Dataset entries
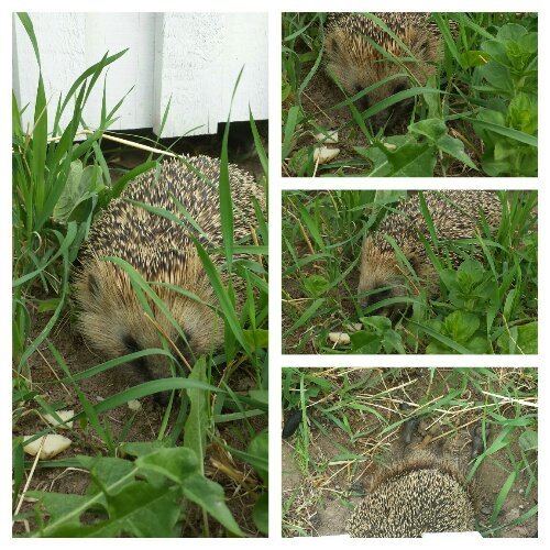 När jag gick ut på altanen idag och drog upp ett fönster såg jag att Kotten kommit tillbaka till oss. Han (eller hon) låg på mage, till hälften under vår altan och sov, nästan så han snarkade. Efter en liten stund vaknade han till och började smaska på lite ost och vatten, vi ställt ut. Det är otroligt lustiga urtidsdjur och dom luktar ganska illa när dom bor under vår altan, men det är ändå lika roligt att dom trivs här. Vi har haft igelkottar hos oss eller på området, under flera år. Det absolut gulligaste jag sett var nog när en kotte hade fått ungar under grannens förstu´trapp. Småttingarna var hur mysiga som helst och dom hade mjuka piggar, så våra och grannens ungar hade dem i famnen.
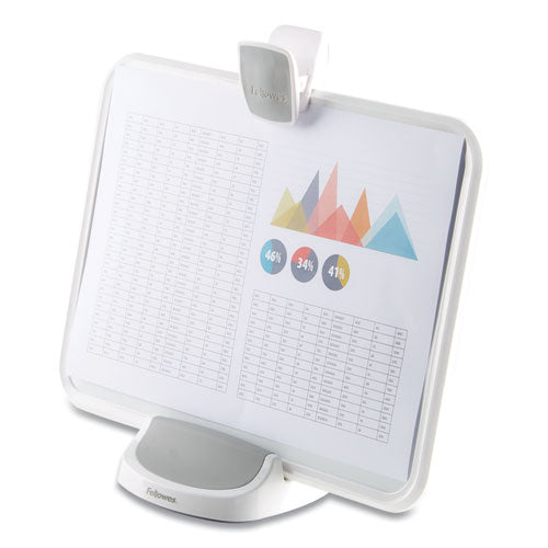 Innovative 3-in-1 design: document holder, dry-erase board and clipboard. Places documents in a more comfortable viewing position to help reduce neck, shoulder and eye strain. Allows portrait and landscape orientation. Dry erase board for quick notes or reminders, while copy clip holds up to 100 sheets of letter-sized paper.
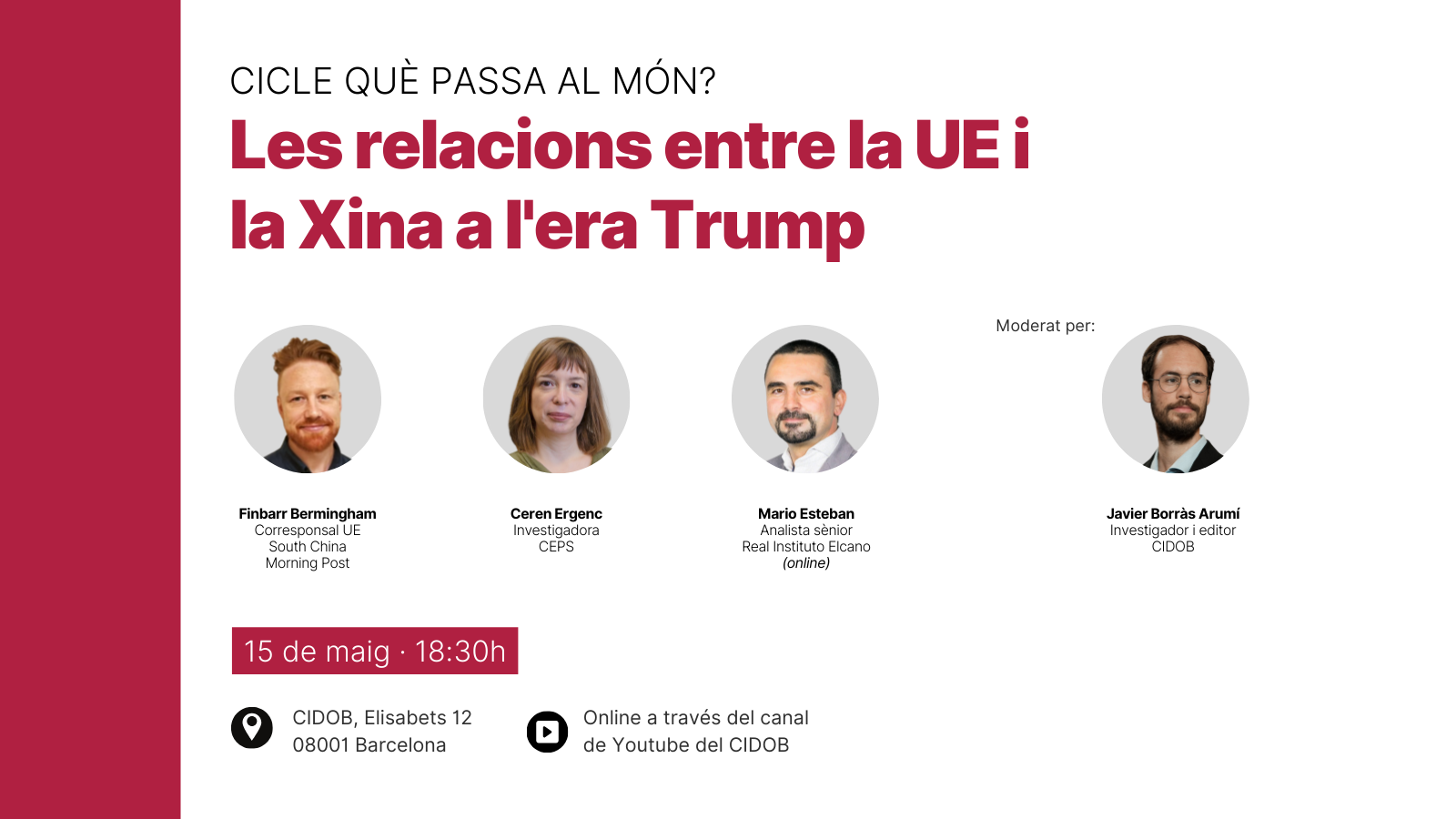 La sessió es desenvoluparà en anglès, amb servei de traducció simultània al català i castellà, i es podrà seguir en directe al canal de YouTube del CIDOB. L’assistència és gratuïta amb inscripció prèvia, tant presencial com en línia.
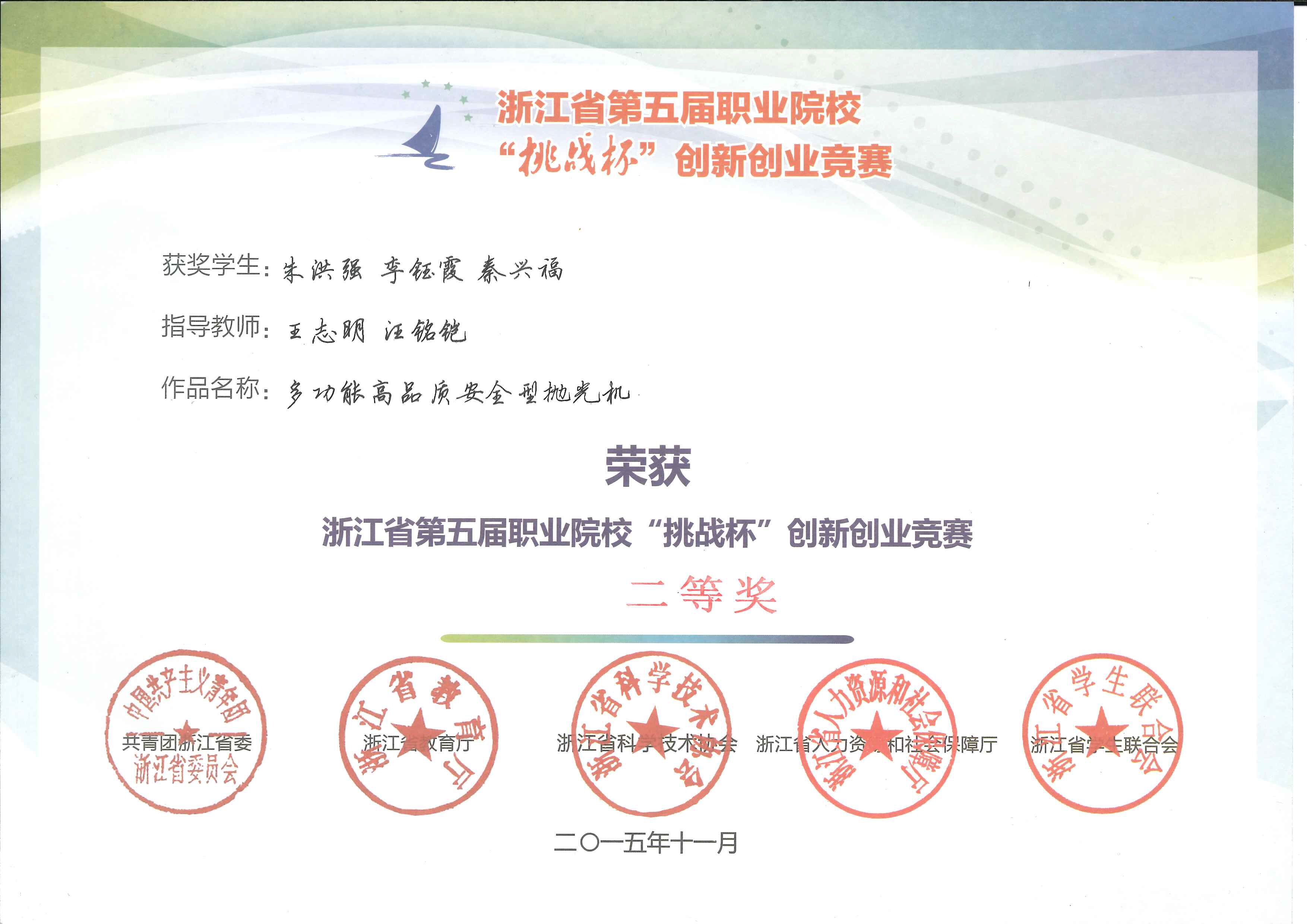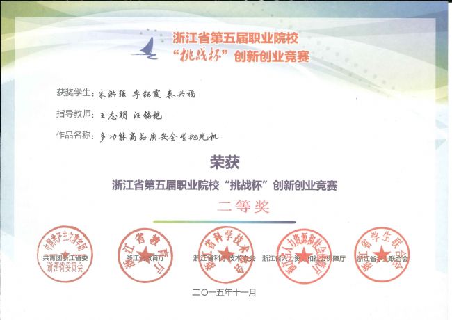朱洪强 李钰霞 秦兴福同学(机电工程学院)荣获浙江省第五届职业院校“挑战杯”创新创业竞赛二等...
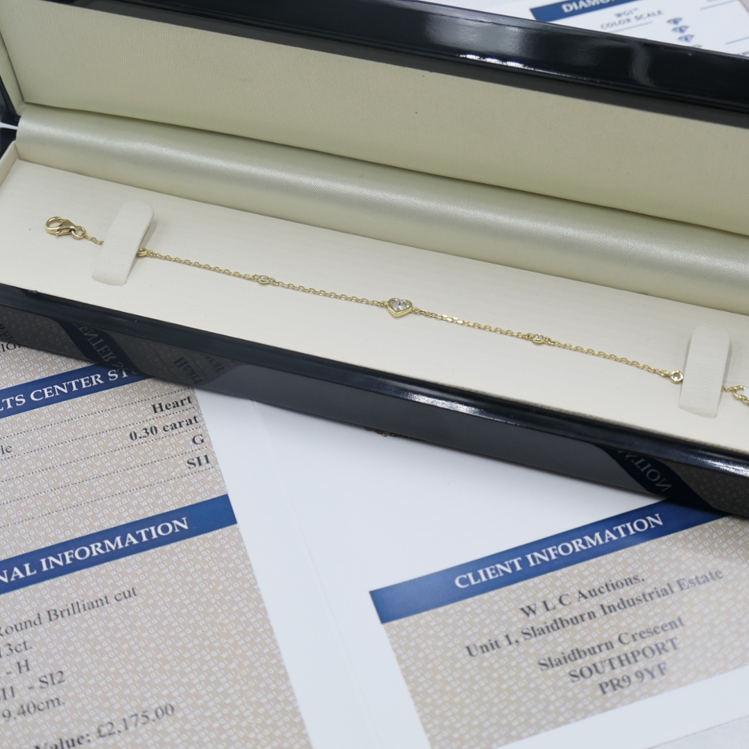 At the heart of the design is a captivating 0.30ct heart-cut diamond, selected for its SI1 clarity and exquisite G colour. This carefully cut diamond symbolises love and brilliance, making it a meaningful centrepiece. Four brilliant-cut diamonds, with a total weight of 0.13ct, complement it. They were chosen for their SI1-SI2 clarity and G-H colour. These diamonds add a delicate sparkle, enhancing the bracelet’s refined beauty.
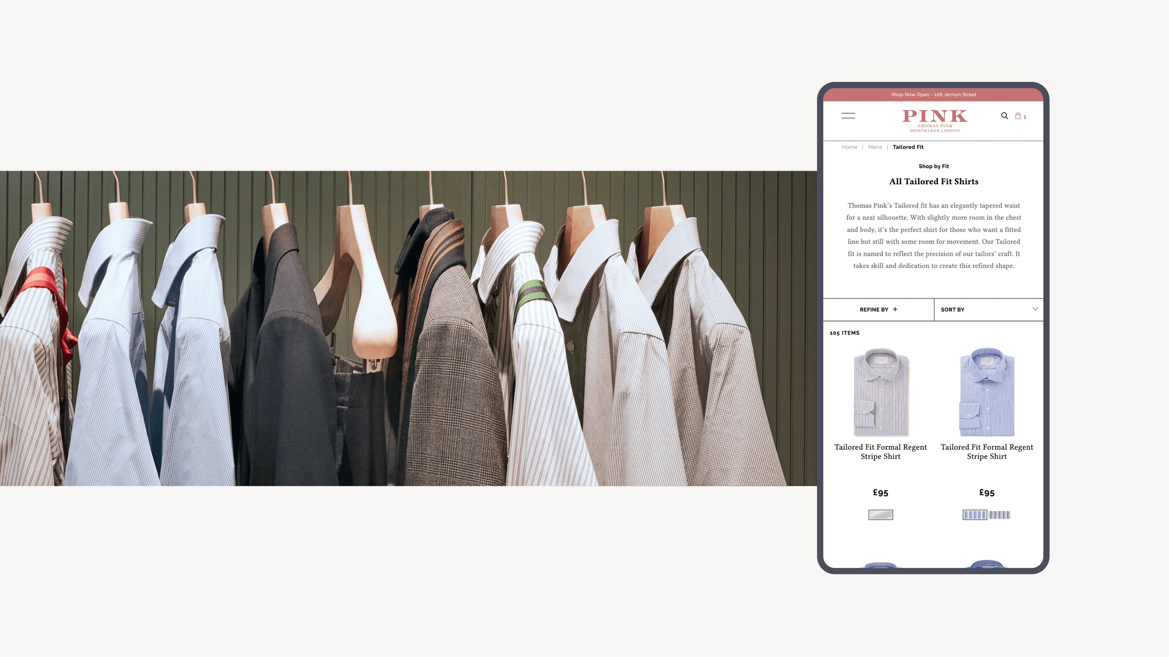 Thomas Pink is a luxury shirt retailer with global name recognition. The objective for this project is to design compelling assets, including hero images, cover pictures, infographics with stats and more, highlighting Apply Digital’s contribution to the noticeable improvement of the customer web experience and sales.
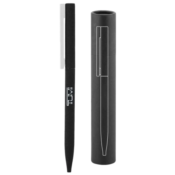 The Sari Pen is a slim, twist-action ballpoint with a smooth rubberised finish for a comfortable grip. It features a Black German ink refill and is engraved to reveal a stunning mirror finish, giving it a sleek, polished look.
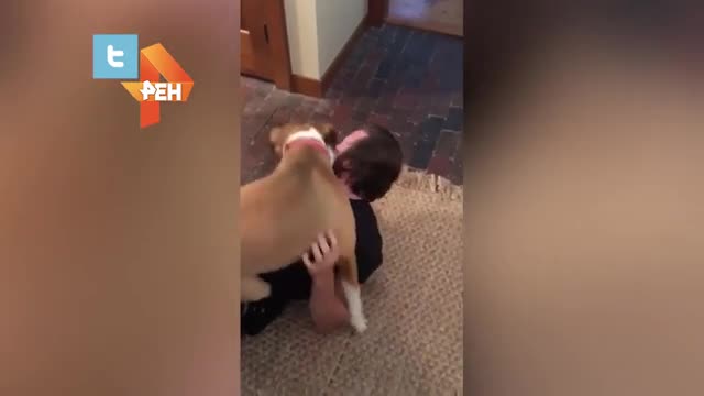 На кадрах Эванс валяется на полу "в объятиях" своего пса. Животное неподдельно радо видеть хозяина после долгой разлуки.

● **Work task**: Return all of the records above exactly as written. Omit each picture.

● **Answer space**:
 När jag gick ut på altanen idag och drog upp ett fönster såg jag att Kotten kommit tillbaka till oss. Han (eller hon) låg på mage, till hälften under vår altan och sov, nästan så han snarkade. Efter en liten stund vaknade han till och började smaska på lite ost och vatten, vi ställt ut. Det är otroligt lustiga urtidsdjur och dom luktar ganska illa när dom bor under vår altan, men det är ändå lika roligt att dom trivs här. Vi har haft igelkottar hos oss eller på området, under flera år. Det absolut gulligaste jag sett var nog när en kotte hade fått ungar under grannens förstu´trapp. Småttingarna var hur mysiga som helst och dom hade mjuka piggar, så våra och grannens ungar hade dem i famnen.
 Innovative 3-in-1 design: document holder, dry-erase board and clipboard. Places documents in a more comfortable viewing position to help reduce neck, shoulder and eye strain. Allows portrait and landscape orientation. Dry erase board for quick notes or reminders, while copy clip holds up to 100 sheets of letter-sized paper.
 La sessió es desenvoluparà en anglès, amb servei de traducció simultània al català i castellà, i es podrà seguir en directe al canal de YouTube del CIDOB. L’assistència és gratuïta amb inscripció prèvia, tant presencial com en línia.
朱洪强 李钰霞 秦兴福同学(机电工程学院)荣获浙江省第五届职业院校“挑战杯”创新创业竞赛二等...
 At the heart of the design is a captivating 0.30ct heart-cut diamond, selected for its SI1 clarity and exquisite G colour. This carefully cut diamond symbolises love and brilliance, making it a meaningful centrepiece. Four brilliant-cut diamonds, with a total weight of 0.13ct, complement it. They were chosen for their SI1-SI2 clarity and G-H colour. These diamonds add a delicate sparkle, enhancing the bracelet’s refined beauty.
 Thomas Pink is a luxury shirt retailer with global name recognition. The objective for this project is to design compelling assets, including hero images, cover pictures, infographics with stats and more, highlighting Apply Digital’s contribution to the noticeable improvement of the customer web experience and sales.
 The Sari Pen is a slim, twist-action ballpoint with a smooth rubberised finish for a comfortable grip. It features a Black German ink refill and is engraved to reveal a stunning mirror finish, giving it a sleek, polished look.
 На кадрах Эванс валяется на полу "в объятиях" своего пса. Животное неподдельно радо видеть хозяина после долгой разлуки.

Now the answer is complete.